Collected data

= Beginning of Section =

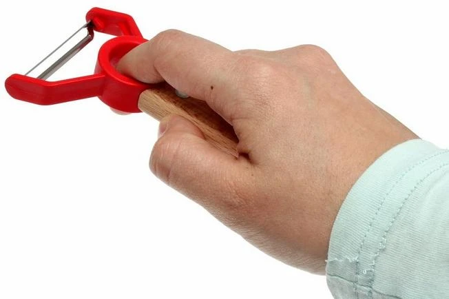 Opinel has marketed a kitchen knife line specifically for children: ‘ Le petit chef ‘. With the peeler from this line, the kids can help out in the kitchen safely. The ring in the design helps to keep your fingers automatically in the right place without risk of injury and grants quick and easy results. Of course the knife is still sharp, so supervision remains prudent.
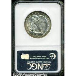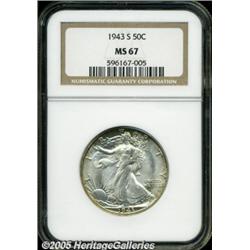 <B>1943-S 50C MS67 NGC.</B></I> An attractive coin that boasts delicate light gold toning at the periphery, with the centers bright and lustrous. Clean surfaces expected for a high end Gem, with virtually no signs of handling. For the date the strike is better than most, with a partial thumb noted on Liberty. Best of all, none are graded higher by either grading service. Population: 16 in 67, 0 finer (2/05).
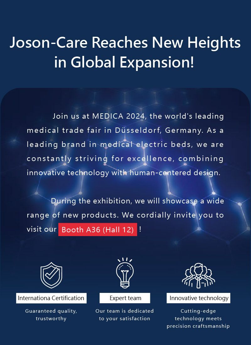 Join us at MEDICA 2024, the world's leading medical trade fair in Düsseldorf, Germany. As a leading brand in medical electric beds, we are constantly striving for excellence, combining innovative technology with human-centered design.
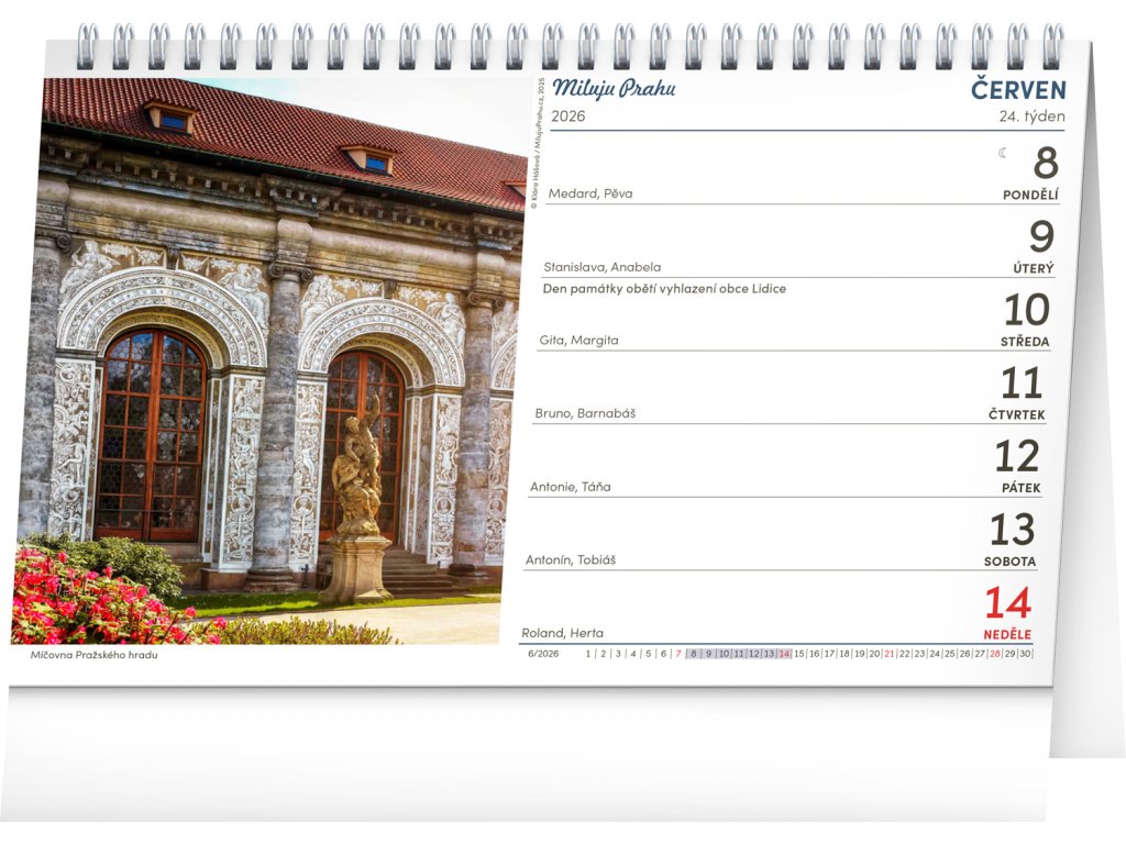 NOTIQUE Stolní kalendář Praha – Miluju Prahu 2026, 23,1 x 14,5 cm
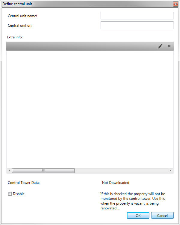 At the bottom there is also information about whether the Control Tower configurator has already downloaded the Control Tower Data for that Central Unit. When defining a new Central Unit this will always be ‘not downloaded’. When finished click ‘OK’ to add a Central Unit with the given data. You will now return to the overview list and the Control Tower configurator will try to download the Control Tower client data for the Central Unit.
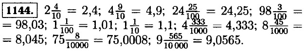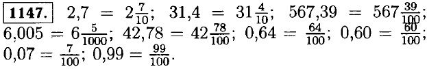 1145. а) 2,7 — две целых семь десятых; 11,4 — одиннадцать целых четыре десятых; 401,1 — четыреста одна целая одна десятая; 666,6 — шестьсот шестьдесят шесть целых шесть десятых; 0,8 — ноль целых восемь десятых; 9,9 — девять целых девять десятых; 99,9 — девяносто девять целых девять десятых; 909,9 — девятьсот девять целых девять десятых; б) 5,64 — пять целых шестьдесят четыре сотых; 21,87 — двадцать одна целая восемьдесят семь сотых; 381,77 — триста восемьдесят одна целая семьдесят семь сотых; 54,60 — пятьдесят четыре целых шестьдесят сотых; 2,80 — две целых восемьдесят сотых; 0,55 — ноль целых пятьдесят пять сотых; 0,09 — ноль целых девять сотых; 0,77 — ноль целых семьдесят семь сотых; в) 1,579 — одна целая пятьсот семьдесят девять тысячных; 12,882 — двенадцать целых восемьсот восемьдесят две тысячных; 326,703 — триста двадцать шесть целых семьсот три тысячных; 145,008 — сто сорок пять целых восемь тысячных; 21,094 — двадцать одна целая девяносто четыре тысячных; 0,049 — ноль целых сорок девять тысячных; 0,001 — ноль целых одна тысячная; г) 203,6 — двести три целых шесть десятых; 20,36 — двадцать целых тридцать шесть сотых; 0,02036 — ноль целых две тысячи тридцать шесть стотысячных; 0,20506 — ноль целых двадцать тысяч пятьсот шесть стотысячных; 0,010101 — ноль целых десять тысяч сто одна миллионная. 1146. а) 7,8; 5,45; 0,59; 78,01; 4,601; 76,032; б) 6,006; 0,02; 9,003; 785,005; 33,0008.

= End of Section =

■ PROBLEM STATEMENT ■
Drop the pictures and reproduce the rest of the entries above exactly.

■ RESPONSE ■
 Opinel has marketed a kitchen knife line specifically for children: ‘ Le petit chef ‘. With the peeler from this line, the kids can help out in the kitchen safely. The ring in the design helps to keep your fingers automatically in the right place without risk of injury and grants quick and easy results. Of course the knife is still sharp, so supervision remains prudent.
 <B>1943-S 50C MS67 NGC.</B></I> An attractive coin that boasts delicate light gold toning at the periphery, with the centers bright and lustrous. Clean surfaces expected for a high end Gem, with virtually no signs of handling. For the date the strike is better than most, with a partial thumb noted on Liberty. Best of all, none are graded higher by either grading service. Population: 16 in 67, 0 finer (2/05).
 Join us at MEDICA 2024, the world's leading medical trade fair in Düsseldorf, Germany. As a leading brand in medical electric beds, we are constantly striving for excellence, combining innovative technology with human-centered design.
 NOTIQUE Stolní kalendář Praha – Miluju Prahu 2026, 23,1 x 14,5 cm
 At the bottom there is also information about whether the Control Tower configurator has already downloaded the Control Tower Data for that Central Unit. When defining a new Central Unit this will always be ‘not downloaded’. When finished click ‘OK’ to add a Central Unit with the given data. You will now return to the overview list and the Control Tower configurator will try to download the Control Tower client data for the Central Unit.
 1145. а) 2,7 — две целых семь десятых; 11,4 — одиннадцать целых четыре десятых; 401,1 — четыреста одна целая одна десятая; 666,6 — шестьсот шестьдесят шесть целых шесть десятых; 0,8 — ноль целых восемь десятых; 9,9 — девять целых девять десятых; 99,9 — девяносто девять целых девять десятых; 909,9 — девятьсот девять целых девять десятых; б) 5,64 — пять целых шестьдесят четыре сотых; 21,87 — двадцать одна целая восемьдесят семь сотых; 381,77 — триста восемьдесят одна целая семьдесят семь сотых; 54,60 — пятьдесят четыре целых шестьдесят сотых; 2,80 — две целых восемьдесят сотых; 0,55 — ноль целых пятьдесят пять сотых; 0,09 — ноль целых девять сотых; 0,77 — ноль целых семьдесят семь сотых; в) 1,579 — одна целая пятьсот семьдесят девять тысячных; 12,882 — двенадцать целых восемьсот восемьдесят две тысячных; 326,703 — триста двадцать шесть целых семьсот три тысячных; 145,008 — сто сорок пять целых восемь тысячных; 21,094 — двадцать одна целая девяносто четыре тысячных; 0,049 — ноль целых сорок девять тысячных; 0,001 — ноль целых одна тысячная; г) 203,6 — двести три целых шесть десятых; 20,36 — двадцать целых тридцать шесть сотых; 0,02036 — ноль целых две тысячи тридцать шесть стотысячных; 0,20506 — ноль целых двадцать тысяч пятьсот шесть стотысячных; 0,010101 — ноль целых десять тысяч сто одна миллионная. 1146. а) 7,8; 5,45; 0,59; 78,01; 4,601; 76,032; б) 6,006; 0,02; 9,003; 785,005; 33,0008.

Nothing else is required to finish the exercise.